Start of SOURCE RECORDS

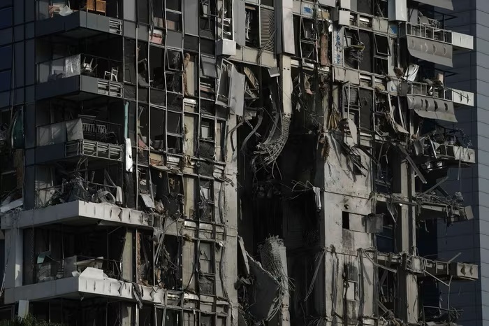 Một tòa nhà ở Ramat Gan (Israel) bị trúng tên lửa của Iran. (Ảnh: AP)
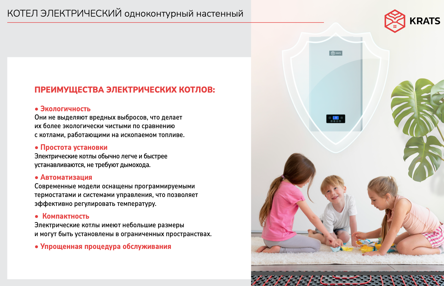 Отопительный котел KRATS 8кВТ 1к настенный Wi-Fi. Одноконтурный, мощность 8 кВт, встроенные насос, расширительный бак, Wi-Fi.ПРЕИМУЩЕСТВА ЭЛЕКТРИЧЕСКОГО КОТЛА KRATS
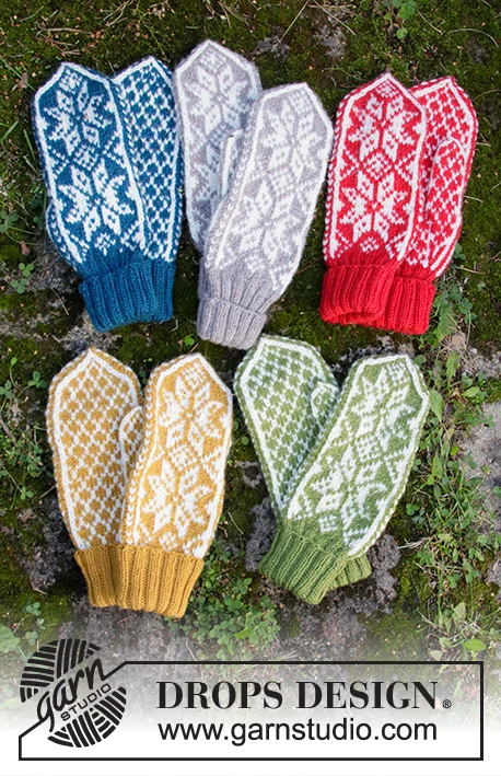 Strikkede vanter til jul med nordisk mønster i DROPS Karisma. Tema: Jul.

End of SOURCE RECORDS
Start of SOURCE RECORDS

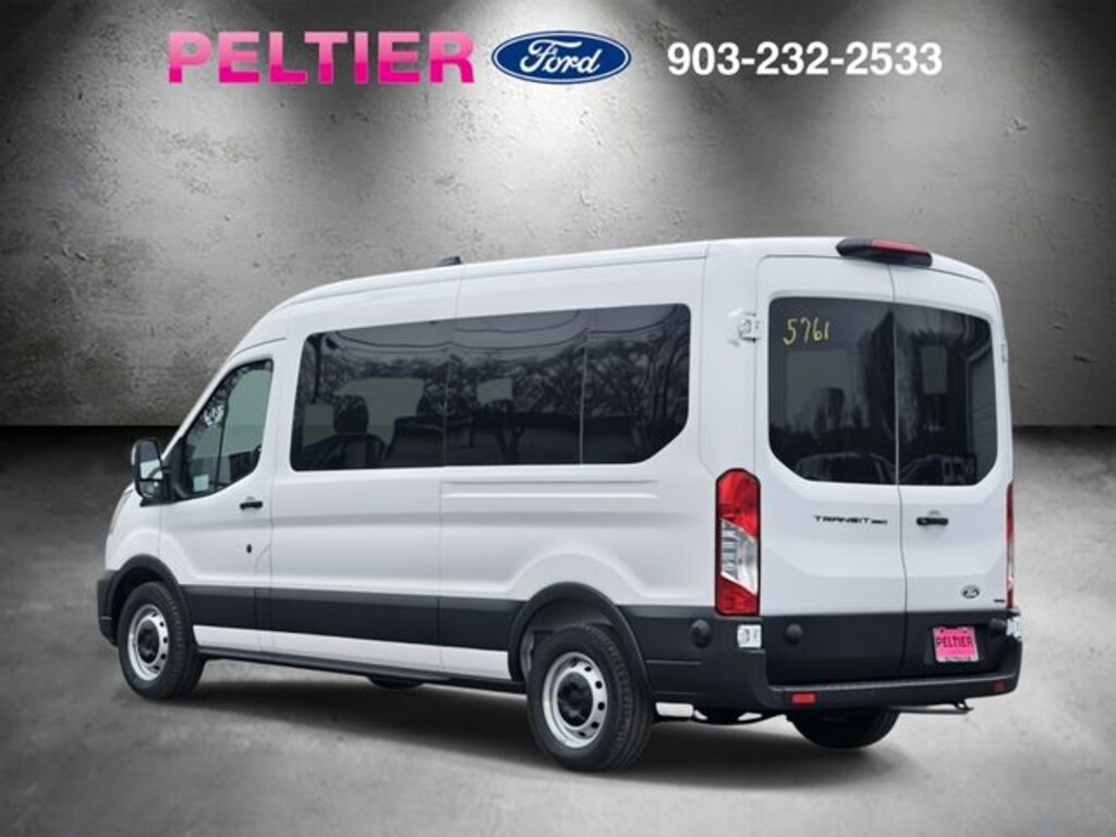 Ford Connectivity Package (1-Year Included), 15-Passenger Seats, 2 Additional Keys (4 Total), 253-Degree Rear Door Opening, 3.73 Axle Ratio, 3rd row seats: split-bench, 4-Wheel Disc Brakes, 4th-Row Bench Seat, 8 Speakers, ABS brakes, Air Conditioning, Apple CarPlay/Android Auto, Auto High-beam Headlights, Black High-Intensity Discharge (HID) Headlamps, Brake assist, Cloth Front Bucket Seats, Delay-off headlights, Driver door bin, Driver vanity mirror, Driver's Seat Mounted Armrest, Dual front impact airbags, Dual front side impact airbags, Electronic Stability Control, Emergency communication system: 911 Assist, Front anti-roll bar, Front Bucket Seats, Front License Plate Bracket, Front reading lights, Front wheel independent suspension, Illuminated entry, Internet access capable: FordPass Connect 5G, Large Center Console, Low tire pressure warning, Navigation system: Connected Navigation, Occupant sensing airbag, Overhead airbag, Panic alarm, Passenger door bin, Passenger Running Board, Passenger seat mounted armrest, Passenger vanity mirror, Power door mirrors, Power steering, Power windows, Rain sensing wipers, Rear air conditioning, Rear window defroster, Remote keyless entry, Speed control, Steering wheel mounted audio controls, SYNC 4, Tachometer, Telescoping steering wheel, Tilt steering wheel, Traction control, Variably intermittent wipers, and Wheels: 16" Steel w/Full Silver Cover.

End of SOURCE RECORDS

### [WHAT TO PRODUCE]
Copy out the lines above from the line containing "Một tòa nhà" through the line containing "Strikkede vanter til", exactly, and keep the pictures out.

### [YOUR RESPONSE]
 Một tòa nhà ở Ramat Gan (Israel) bị trúng tên lửa của Iran. (Ảnh: AP)
 Отопительный котел KRATS 8кВТ 1к настенный Wi-Fi. Одноконтурный, мощность 8 кВт, встроенные насос, расширительный бак, Wi-Fi.ПРЕИМУЩЕСТВА ЭЛЕКТРИЧЕСКОГО КОТЛА KRATS
 Strikkede vanter til jul med nordisk mønster i DROPS Karisma. Tema: Jul.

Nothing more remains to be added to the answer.